JEREZ DE LA FRONTERA, Spain (AP) _ After flourishing for two centuries, many of the family-owned wineries that turned the Spanish sherry trade into a billion-dollar-a-year business are on the rocks.

As the industry slowly emerges from a decade-long crisis, multinational corporations have won control of some of the best-known sherry houses and have lost pitched battles for others.

In addition, policies aimed at boosting sagging sales, prices and prestige in traditional markets like Britain may hurt some smaller companies that rely on bulk sales rather than brand names, executives and owners said recently.

Last year, sherry makers sold 160 million 750-milliliter bottles worldwide, down a third from 1979. Sales to Britain plummeted from 101 million bottles to 50 million bottles over the same period.

''The sector is going to have to suffer through a readjustment period if it wants to survive. There will be a process of natural selection,'' said Jose Joaquin Ysasi-Ysasmendi, chairman of Pedro Domecq.

Only two of the seven companies whose representatives meet regularly at a roundtable reserved for the biggest sherry firms now actually belong to famous families - Osborne and Gonzalez.

John Harvey and Sons; Croft; Sandeman; and Bobadilla have been sold to outsiders. The British multinational Allied Lyons controls Pedro Domecq, founded in 1730 and the oldest of the major wineries or bodegas.

All true sherry comes from grapes grown in a 45,000-acre triangle of vineyards around Jerez, a few miles in from Spain's Atlantic coast. Sherry is aged according to a process that blends wine from each harvest's grapes with that of preceding years.

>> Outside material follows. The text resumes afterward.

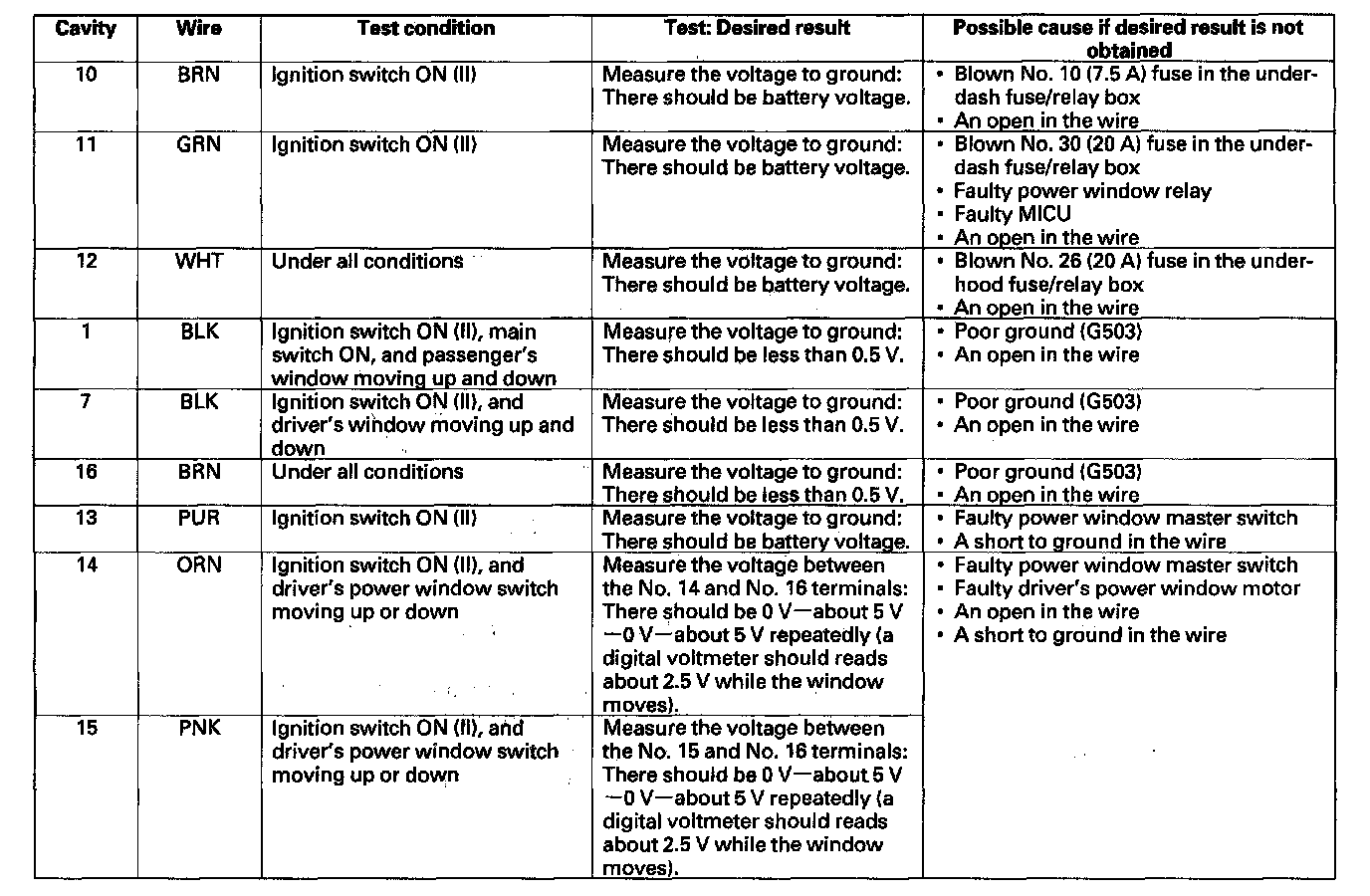 5. Reconnect the 16P connector to the power window master switch. Turn the ignition switch ON (II), and make these input tests at the connector.

Shakespeare called the wine ''sacke,'' but the name that stuck was sherry, an Anglicized version of Sherrish, the Moorish name for Jerez.

For generations, the trade has been controlled by the descendants of a few dozen English, Irish and Spanish families that took charge starting in the mid-18th century.

That all began to change in the early 1980s when a combination of bad planning and poor timing left many family businesses easy prey for multinationals on the prowl for bargains, executives and owners said.

During a six-year sales boom that peaked in 1979 at 22 million bottles, many wineries went heavily into debt to plant new vineyards. But the boom faded as production costs were driven higher by the spike in world oil prices, leaving the indebted wineries swimming in underpriced sherry.

''Everyone planted like crazy, and when we looked up we realized we had far more vineyards than Jerez needed,'' said Lorenzo Diez Lacave, who sold the 200-year-old family business Diez-Merito to the now-defunct Rumasa holding company in 1982.

Allied Lyons and Canada's Seagram Co. were among the other giants snapping up sherry houses.

Not everyone was forced to sell out, however. Osborne board member Enrique Osborne said his family was able to retain ownership of the business it has run in nearby Puerto de Santa Maria since 1778 because managers were quick to recognize the potential of brandy.

Once a sideline in Jerez, brandy made from the same sherry grapes accounted for 60 percent of sales last year.

Osborne is now the sector's biggest group with 1987 sales of $339 million. The company has diversified into foods and owns its own food distribution network.

Gonzalez-Byass, the leading sherry producers with 11.5 percent of the market and 1987 sales of $205 million, mostly in sherry and brandy, is also family owned. General Manager Arcadio Saldana said the company foresaw the sales boom, planted early and had already established its market when the crunch came. He said Gonzalez-Byass has increased profits each year since 1983.

The Gonzalez family recently won an 18-month battle to keep the Byasses from selling to Seagram by buying out their longtime English partners this month.

Pedro Domecq had group sales of $232 million and profits of $12.3 million last year. Allied Lyons controls more than 50 percent of the company's stock through its own holdings and its subsidiary Hiram Walker, which owns a large number of shares, several executives said.

Board member Jose Ignacio Domecq Gonzalez said it was difficult to maintain a strong family presence in many bodegas because shares have been spread out with each successive generation. He said at least 120 Domecq heirs now own part of the company.

Osborne, Gonzalez-Byass, Pedro Domecq and the other major wineries see boosting sherry's price and image as the key to the sector's full recovery.

The Jerez Regulating Council has urged growers to rip up vines and encouraged wineries to distill low-quality must to blend with other products in an effort to dry up excess stocks.

The government-sponsored council recently told vintners they would have until March 1993 to eliminate barrel sales, which make up 40 percent of total exports and have been blamed for driving down prices.

Nearly all the barrel sales go to Great Britain and the Netherlands, where exporters say unauthorized blending is not an uncommon practice.

Spanish exporters have also stepped up their campaign against British and Irish ''sherry,'' cheap-to-produce blends of rehydrated grape juice, alcohol and sugar whose success in the BritishIsles has reflected sherry's failure to retain its traditional customers.

The European Economic Community has pledged to force British and Irish producers to drop ''sherry'' from their labels by 1995.